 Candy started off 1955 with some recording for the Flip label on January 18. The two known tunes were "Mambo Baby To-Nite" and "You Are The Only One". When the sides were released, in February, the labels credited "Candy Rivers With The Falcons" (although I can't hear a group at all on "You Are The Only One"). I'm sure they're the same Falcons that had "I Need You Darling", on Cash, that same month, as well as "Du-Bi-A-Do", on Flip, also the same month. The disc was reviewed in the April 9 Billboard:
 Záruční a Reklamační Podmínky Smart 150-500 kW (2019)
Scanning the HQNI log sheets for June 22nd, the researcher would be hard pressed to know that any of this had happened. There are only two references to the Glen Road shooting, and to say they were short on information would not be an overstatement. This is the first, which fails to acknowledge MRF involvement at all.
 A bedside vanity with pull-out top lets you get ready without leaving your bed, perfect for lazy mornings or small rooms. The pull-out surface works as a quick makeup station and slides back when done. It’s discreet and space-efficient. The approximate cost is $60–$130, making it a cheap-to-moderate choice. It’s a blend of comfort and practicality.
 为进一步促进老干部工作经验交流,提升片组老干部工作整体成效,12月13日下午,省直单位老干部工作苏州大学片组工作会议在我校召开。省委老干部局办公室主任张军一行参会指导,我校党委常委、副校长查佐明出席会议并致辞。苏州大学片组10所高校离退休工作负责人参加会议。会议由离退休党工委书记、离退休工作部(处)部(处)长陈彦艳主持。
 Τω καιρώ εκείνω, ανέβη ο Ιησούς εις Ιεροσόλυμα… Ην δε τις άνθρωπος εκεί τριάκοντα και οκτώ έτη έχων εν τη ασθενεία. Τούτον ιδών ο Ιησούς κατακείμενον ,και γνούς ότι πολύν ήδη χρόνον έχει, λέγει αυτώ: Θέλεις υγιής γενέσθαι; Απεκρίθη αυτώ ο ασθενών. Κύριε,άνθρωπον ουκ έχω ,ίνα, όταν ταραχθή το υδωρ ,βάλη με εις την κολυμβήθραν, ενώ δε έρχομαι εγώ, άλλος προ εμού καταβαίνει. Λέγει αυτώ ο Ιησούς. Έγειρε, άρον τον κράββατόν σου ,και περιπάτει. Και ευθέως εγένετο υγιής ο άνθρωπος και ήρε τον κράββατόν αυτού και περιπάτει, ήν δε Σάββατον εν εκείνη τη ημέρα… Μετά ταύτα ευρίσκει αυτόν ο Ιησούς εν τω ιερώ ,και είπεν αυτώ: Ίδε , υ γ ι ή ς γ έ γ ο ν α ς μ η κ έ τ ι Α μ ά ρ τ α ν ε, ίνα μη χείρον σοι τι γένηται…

--------------------------------------------------

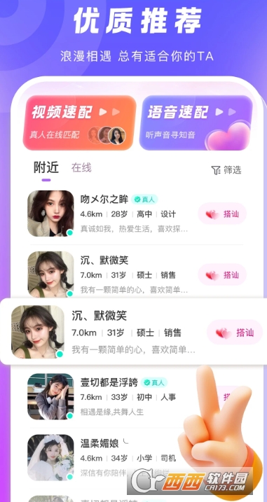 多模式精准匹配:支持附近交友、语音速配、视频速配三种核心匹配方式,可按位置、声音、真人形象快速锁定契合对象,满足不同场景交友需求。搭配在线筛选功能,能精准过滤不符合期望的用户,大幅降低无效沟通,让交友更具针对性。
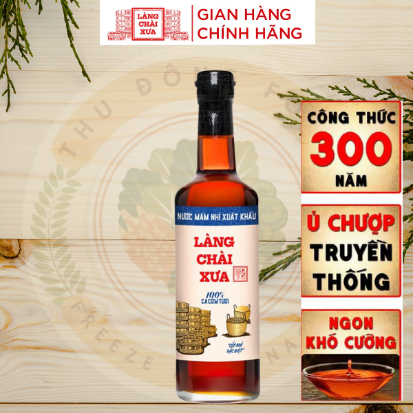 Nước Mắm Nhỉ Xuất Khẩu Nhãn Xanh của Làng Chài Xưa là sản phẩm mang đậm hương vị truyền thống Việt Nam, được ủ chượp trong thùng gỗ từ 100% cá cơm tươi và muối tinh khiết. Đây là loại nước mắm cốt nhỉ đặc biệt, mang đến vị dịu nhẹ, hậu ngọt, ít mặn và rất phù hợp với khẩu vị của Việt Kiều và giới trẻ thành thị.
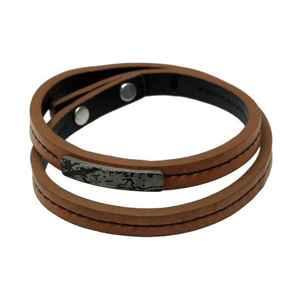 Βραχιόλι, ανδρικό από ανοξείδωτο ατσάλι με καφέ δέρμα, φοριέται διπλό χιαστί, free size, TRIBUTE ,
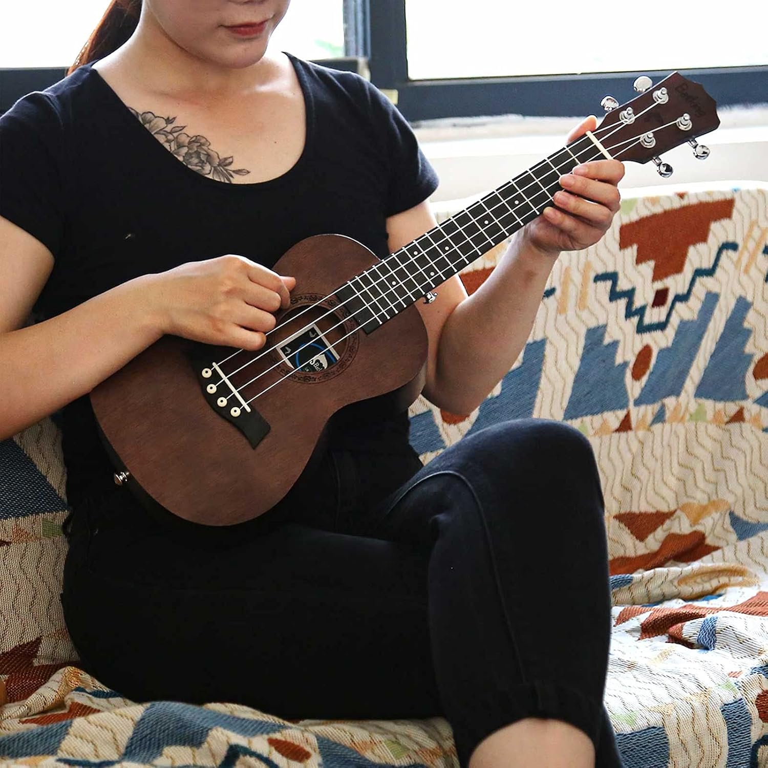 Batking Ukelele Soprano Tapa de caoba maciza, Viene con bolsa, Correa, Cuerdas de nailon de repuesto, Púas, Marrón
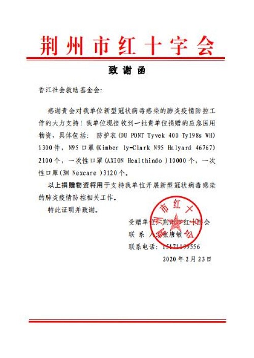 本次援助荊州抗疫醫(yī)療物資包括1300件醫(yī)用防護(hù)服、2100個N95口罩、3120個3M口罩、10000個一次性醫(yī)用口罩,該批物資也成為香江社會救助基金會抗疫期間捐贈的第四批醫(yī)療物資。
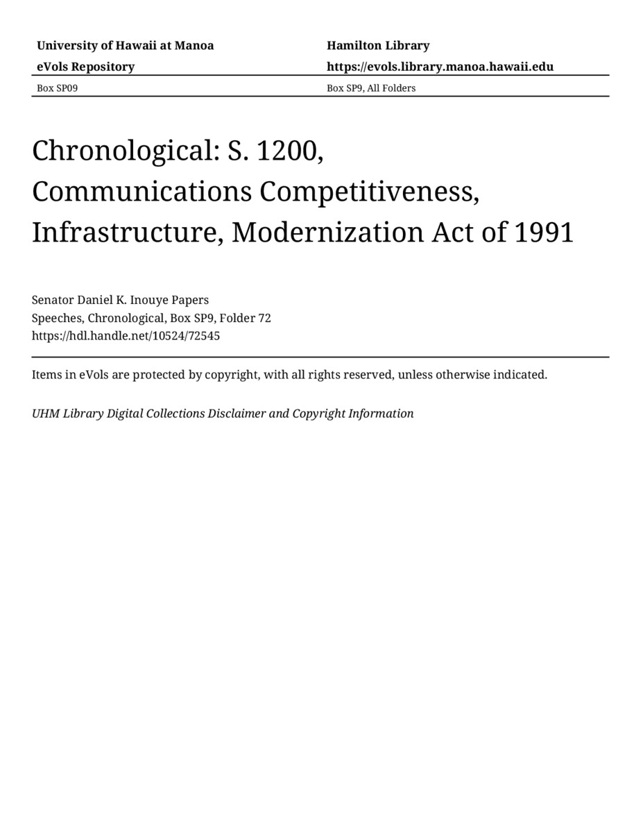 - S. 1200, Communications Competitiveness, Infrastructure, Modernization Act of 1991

--------------------------------------------------

For the word "with", go through the records and show each line that carries it.

 Candy started off 1955 with some recording for the Flip label on January 18. The two known tunes were "Mambo Baby To-Nite" and "You Are The Only One". When the sides were released, in February, the labels credited "Candy Rivers With The Falcons" (although I can't hear a group at all on "You Are The Only One"). I'm sure they're the same Falcons that had "I Need You Darling", on Cash, that same month, as well as "Du-Bi-A-Do", on Flip, also the same month. The disc was reviewed in the April 9 Billboard:
 A bedside vanity with pull-out top lets you get ready without leaving your bed, perfect for lazy mornings or small rooms. The pull-out surface works as a quick makeup station and slides back when done. It’s discreet and space-efficient. The approximate cost is $60–$130, making it a cheap-to-moderate choice. It’s a blend of comfort and practicality.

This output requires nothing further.